The Breakup of Yugoslavia

Remark
After the fall of the Soviet Union, presidents, dictators, and average people alike wondered what life would be like in a single-superpower world. For decades, to the benefit of some and the detriment of others, no country on the face of the Earth was immune from the influence of the dueling superpowers. Suddenly, the countries and people who depended on the Soviets were orphaned, and the United States began reevaluating its strategic interests.

Despite promises of a "New World Order," in which peace, stability, and prosperity would unite the planet, conflicts new and old broke out with a ferocity that shocked even the most pessimistic cold warriors. However, one of the most surprising of these outbreaks should have been nothing of the sort. The breakup of Yugoslavia, which eventually led to hundreds of thousands of deaths and the displacement of millions, should have been expected well before it happened.

It has been said that wars between states usually arise from a "super-abundance of analytic rationality" among their participants, rather than from irrational (and therefore unpredictable) processes. There is no reason to believe that this does not also apply to intrastate wars. In fact, even the most "irrational" of wars only appear irrational to the observer due to his or her ignorance of the fact that there are many different rationalities, each of which depend on the context from which they spring. Therefore, it follows that almost any conflict can be predicted (or at the very least, understood) if enough is known about its context and that context's rationalities.
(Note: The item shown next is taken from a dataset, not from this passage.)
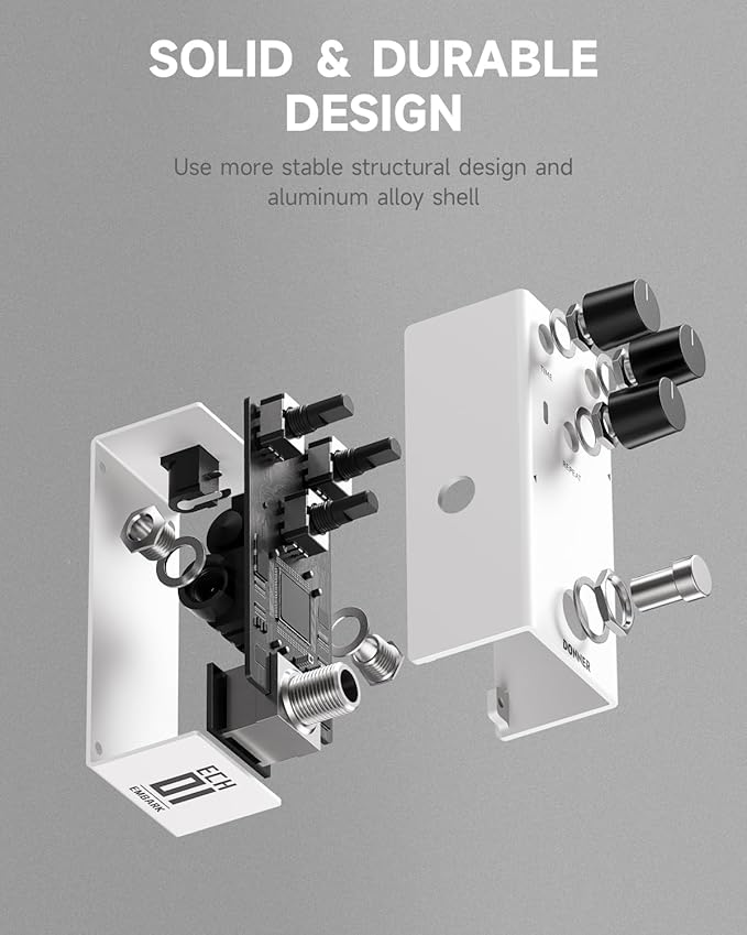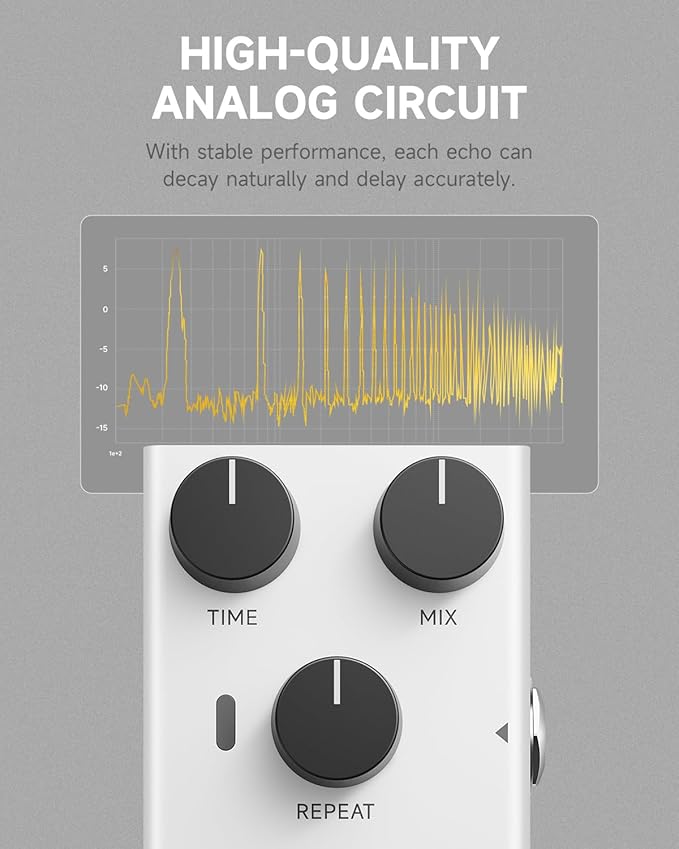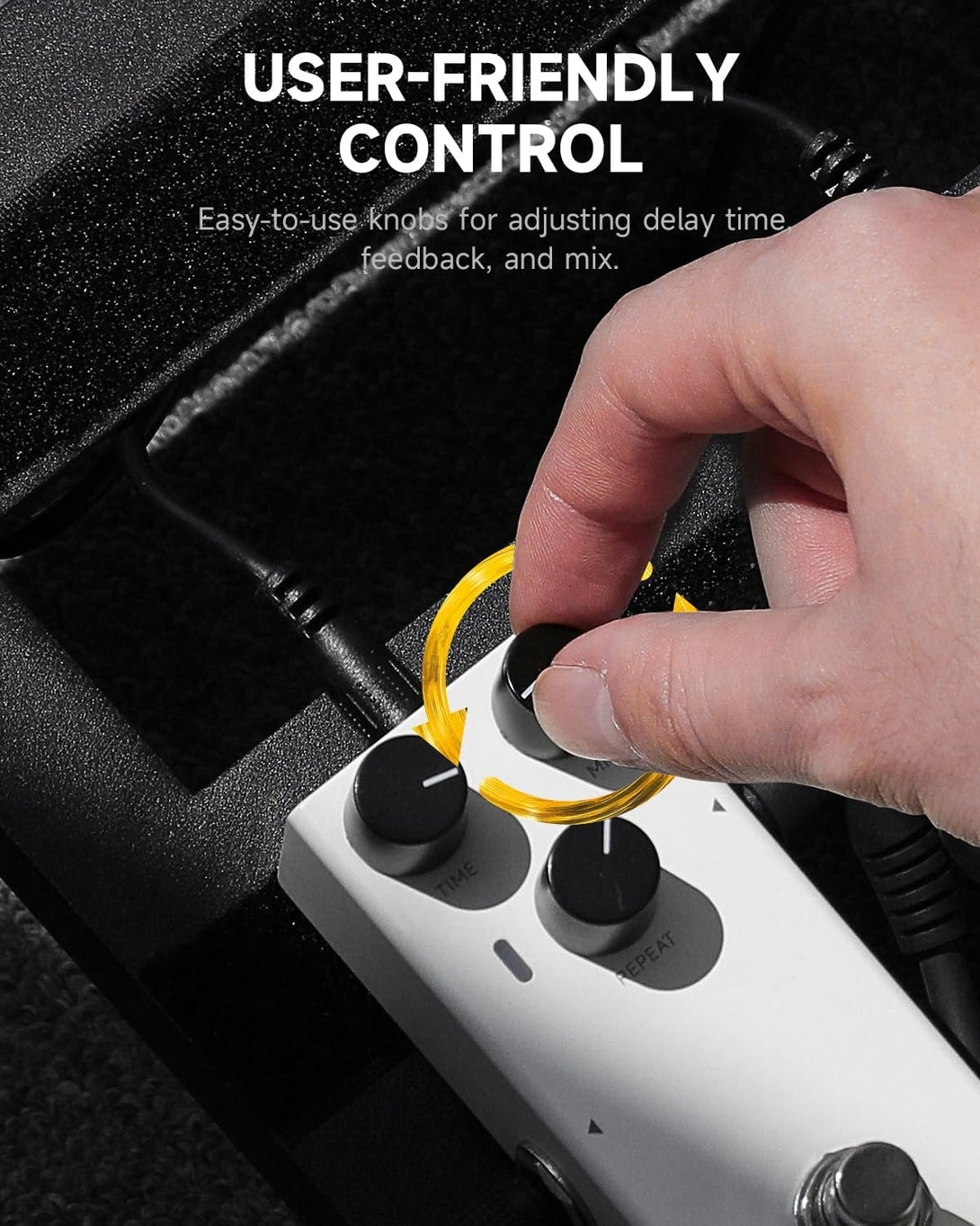 Construido en aleación de aluminio, combina resistencia y ligereza, ideal para presentaciones en vivo, estudio y práctica diaria. Su operación es sencilla e intuitiva, con controles que permiten ajustar rápidamente el tiempo y nivel de delay. Además, su True Bypass garantiza que la señal permanezca completamente limpia cuando el efecto está desactivado.

The context from which the Balkans conflict of the early 1990s sprang was complex, alarming, and easily accessible by the outside world. While the rationalities that drove other conflicts in Africa, Asia, or South America may have been more difficult for inexperienced Western minds to comprehend, Yugoslavia was a European country with a European context and European rationalities. Many underlying causes of ethnic conflict, in terms of structural factors, political factors, economic/social factors, and cultural/perceptual factors, were evident in pre-conflict Yugoslavia; more importantly, those underlying causes should have been easily identifiable and understandable by Western minds.

In context, from their own perspectives, each republic's decision to secede was completely rational. In part because of structural, political, economic, and cultural factors, each seceding republic felt that it was in its best interest to declare independence from Yugoslavia. Some scholars argue that the main trigger of the conflict was actually the internally driven elite-level factor referred to as "bad leaders," primarily alluding to Serbian leader Slobodan Milosevic. From this viewpoint, Milosevic created and exacerbated the conditions that led republics such as Slovenia, Croatia, and Bosnia to secede; again, because Milosevic believed (correctly in the short term) that his actions would keep him in power, his choices were in his own best interest as he perceived it. Either way, because the proximate causes of the conflict were completely rational within context, the conflict itself should have been predictable.